Reference in devcontainer.json:

{
  "remoteEnv": {
    "ENV_FILE": "${localWorkspaceFolder}/.env"
  }
}

See VS Code Dev Containers documentation for more details.

Build Issues

If you encounter build errors or strange compilation issues, try running cargo clean, then rebuild from scratch.

If cargo clean doesn't resolve the issue, it is possible that some of the files were created by root (using the run.sh script). You can manually remove the build target by going to your host (outside the container), and remove the target:

sudo rm -rf <your dynamo path on the host machine>/target

Volume Corruption Issues

If you encounter strange errors (like postCreateCommand failing with exit code 1), your Docker volumes may be corrupted.

Solution: Wipe Docker Volumes

# Remove Dynamo volumes that are specified in devcontainer.json (may be corrupted)
docker volume rm dynamo-bashhistory dynamo-precommit-cache

# Or remove all volumes (use with caution).
docker rm -f <your running container(s)>
docker volume prune -f

Note: This resets bash history and pre-commit cache.

Volume Mounts in devcontainer.json:

  • dynamo-bashhistory/home/dynamo/.commandhistory (bash history)
  • dynamo-precommit-cache/home/dynamo/.cache/pre-commit (pre-commit cache)

Permission Issues

If you start experiencing permission problems (e.g., "Permission denied" errors), you may need to fix file ownership outside the container. This commonly happens when container/run.sh runs as root, creating files with root ownership:

# Replace <user> with your actual username
cd <your dynamo directory at your host machine (not docker)>
sudo chown -R <user>:<user> .

This fixes ownership when files are created with different user IDs between the host and container.

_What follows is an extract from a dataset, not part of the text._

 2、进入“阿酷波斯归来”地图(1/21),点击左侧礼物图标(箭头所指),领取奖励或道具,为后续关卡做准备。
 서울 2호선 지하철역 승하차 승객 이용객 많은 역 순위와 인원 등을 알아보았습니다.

Container Starts But Immediately Stops

If you see errors like "container is not running" or "An error occurred setting up the container" in the devcontainer logs, the container is starting but then crashing immediately.

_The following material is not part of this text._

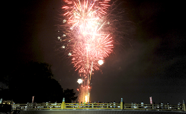 船幸祭は日本武尊が船団を従え、海路をたどられた故事に基づき執り行われる建部大社の夏祭りです。 瀬田川を海路に見立て船渡御が再現されます。大神輿を載せた御座船を先頭に、船団は約4キロ下流の御旅所 がある、黒津浜(供御の瀬)へと向かいます。 到着後、古式の則って別宮の毛知比神社・新宮の新茂智神社から神饌が献じられます。 ライトアップされた光が川面に映り、幻想的な夕暮れのなか御旅所祭が厳粛に執り行われます。 午後7時再び船団は帰路瀬田浜へと向かい、唐橋に近付くころ夜空に花火が打ち上げられます。 大神輿の動きに合わせ打ち上げられる花火がみどころです。
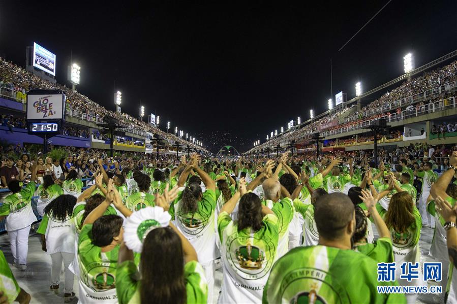 3月3日,在巴西里約熱內(nèi)盧,特級組桑巴舞校工作人員參加狂歡節(jié)游行。 3月3日晚,2019年里約熱內(nèi)盧狂歡節(jié)特級組桑巴舞校在桑巴大道開始花車巡游表演。 新華社記者李明攝

Common Causes and Solutions:

  1. Missing a local-dev image:

    # Check if the required local-dev image exists
    docker images | grep dynamo
    
    # If missing, build the dev image first, then build local-dev
    export FRAMEWORK=VLLM  # Replace with VLLM, SGLANG, or TRTLLM
    python container/render.py --framework=${FRAMEWORK} --target=local-dev --output-short-filename
    docker build --build-arg USER_UID=$(id -u) --build-arg USER_GID=$(id -g) -f container/rendered.Dockerfile .
  2. Container startup failure:

    # Check container logs for the specific error
    docker logs <container-id>
    
    # Or check all recent containers
    docker ps -a --filter "label=devcontainer.local_folder=$(pwd)"
  3. Resource issues:

    # Check available system resources
    free -h
    df -h
    
    # Restart Docker daemon if needed
    sudo systemctl restart docker
  4. Clean slate approach:

    # Remove all related containers and images
    docker ps -a --filter "label=devcontainer.local_folder=$(pwd)" -q | xargs docker rm -f
    docker images | grep "^vsc-" | awk '{print $3}' | xargs docker rmi

Then rebuild without cache. In your IDE: Dev Containers: Rebuild Without Cache and Reopen in Container

devcontainer.json Changes Not Being Picked Up

If you've made changes to devcontainer.json, post-create.sh, or other devcontainer-related files but they're not being applied when you rebuild the container, the changes may be cached.

Solution: Force Devcontainer Rebuild

  1. Rebuild Container (Recommended): In your IDE Command Palette (Ctrl+Shift+P): Dev Containers: Rebuild Container

  2. If that doesn't work, rebuild without cache: In your IDE Command Palette (Ctrl+Shift+P): Dev Containers: Rebuild Without Cache and Reopen Container

  3. For persistent issues, manually remove the devcontainer image:

    # List devcontainer images
    docker images | grep devcontainer
    
    # And remove all IDE devcontainer images (more thorough)
    docker images | grep "^vsc-" | awk '{print $3}' | xargs docker rmi
    
    # Then rebuild in your IDE
    Dev Containers: Rebuild Container

Note: The "Rebuild Container Without Cache and Reopen Container" option is the most thorough and will ensure all your changes are applied, but it takes longer as it rebuilds everything from scratch.